**Required action:** Each line of the listing below must be retyped exactly, with images left out.

**Stored data:**
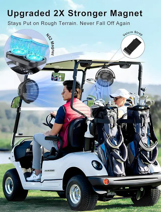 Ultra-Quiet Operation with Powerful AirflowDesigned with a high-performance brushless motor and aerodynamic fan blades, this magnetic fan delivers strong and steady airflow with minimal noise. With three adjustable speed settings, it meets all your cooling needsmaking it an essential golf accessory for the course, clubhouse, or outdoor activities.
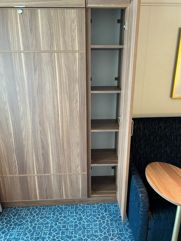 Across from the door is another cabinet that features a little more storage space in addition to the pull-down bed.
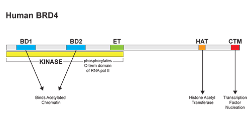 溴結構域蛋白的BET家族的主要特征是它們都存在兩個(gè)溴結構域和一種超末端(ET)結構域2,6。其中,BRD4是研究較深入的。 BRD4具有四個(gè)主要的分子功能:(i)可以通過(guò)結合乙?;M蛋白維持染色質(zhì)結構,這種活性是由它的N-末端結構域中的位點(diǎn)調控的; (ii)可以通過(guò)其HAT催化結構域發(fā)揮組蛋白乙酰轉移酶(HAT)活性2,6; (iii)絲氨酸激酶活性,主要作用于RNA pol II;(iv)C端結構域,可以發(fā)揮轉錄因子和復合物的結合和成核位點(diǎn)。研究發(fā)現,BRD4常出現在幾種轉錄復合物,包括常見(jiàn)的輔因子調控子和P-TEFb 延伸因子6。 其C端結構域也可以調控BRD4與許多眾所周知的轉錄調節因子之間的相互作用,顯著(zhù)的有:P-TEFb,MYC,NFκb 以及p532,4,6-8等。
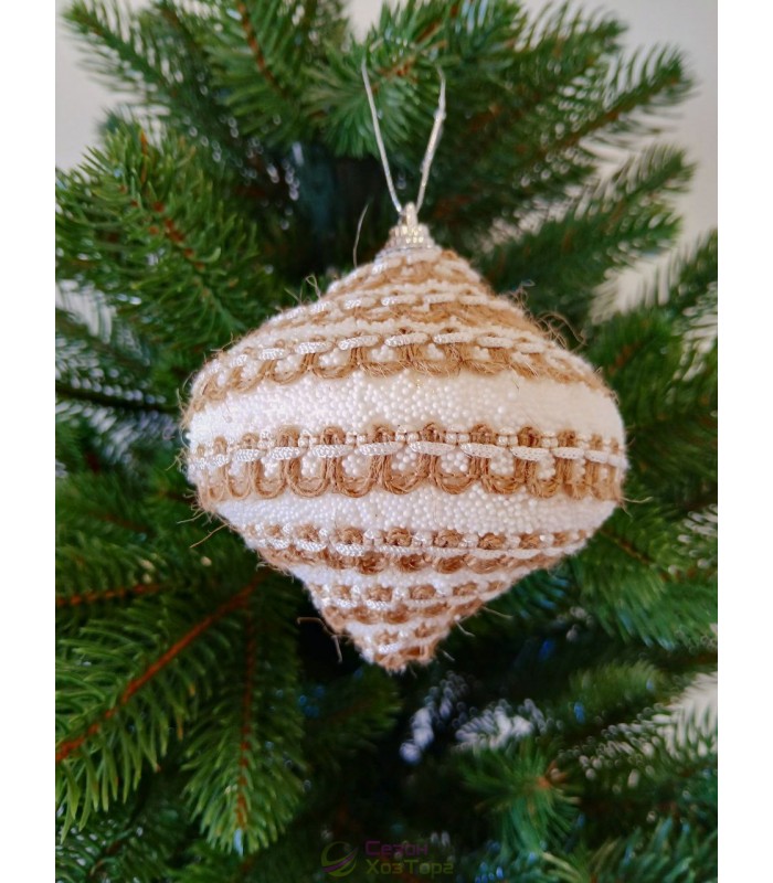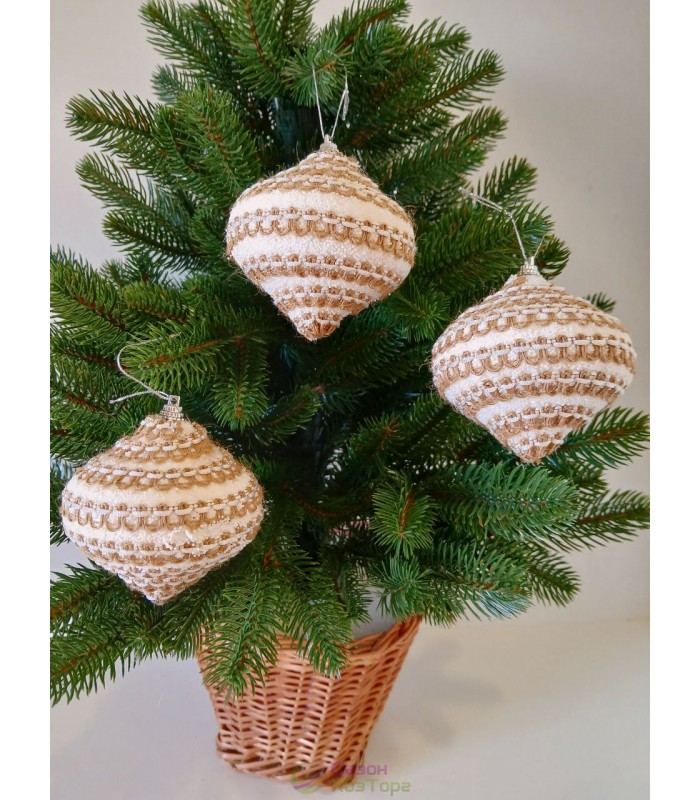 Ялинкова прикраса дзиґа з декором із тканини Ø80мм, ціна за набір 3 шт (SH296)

**Task answer:**
 Ultra-Quiet Operation with Powerful AirflowDesigned with a high-performance brushless motor and aerodynamic fan blades, this magnetic fan delivers strong and steady airflow with minimal noise. With three adjustable speed settings, it meets all your cooling needsmaking it an essential golf accessory for the course, clubhouse, or outdoor activities.
 Across from the door is another cabinet that features a little more storage space in addition to the pull-down bed.
 溴結構域蛋白的BET家族的主要特征是它們都存在兩個(gè)溴結構域和一種超末端(ET)結構域2,6。其中,BRD4是研究較深入的。 BRD4具有四個(gè)主要的分子功能:(i)可以通過(guò)結合乙?;M蛋白維持染色質(zhì)結構,這種活性是由它的N-末端結構域中的位點(diǎn)調控的; (ii)可以通過(guò)其HAT催化結構域發(fā)揮組蛋白乙酰轉移酶(HAT)活性2,6; (iii)絲氨酸激酶活性,主要作用于RNA pol II;(iv)C端結構域,可以發(fā)揮轉錄因子和復合物的結合和成核位點(diǎn)。研究發(fā)現,BRD4常出現在幾種轉錄復合物,包括常見(jiàn)的輔因子調控子和P-TEFb 延伸因子6。 其C端結構域也可以調控BRD4與許多眾所周知的轉錄調節因子之間的相互作用,顯著(zhù)的有:P-TEFb,MYC,NFκb 以及p532,4,6-8等。
 Ялинкова прикраса дзиґа з декором із тканини Ø80мм, ціна за набір 3 шт (SH296)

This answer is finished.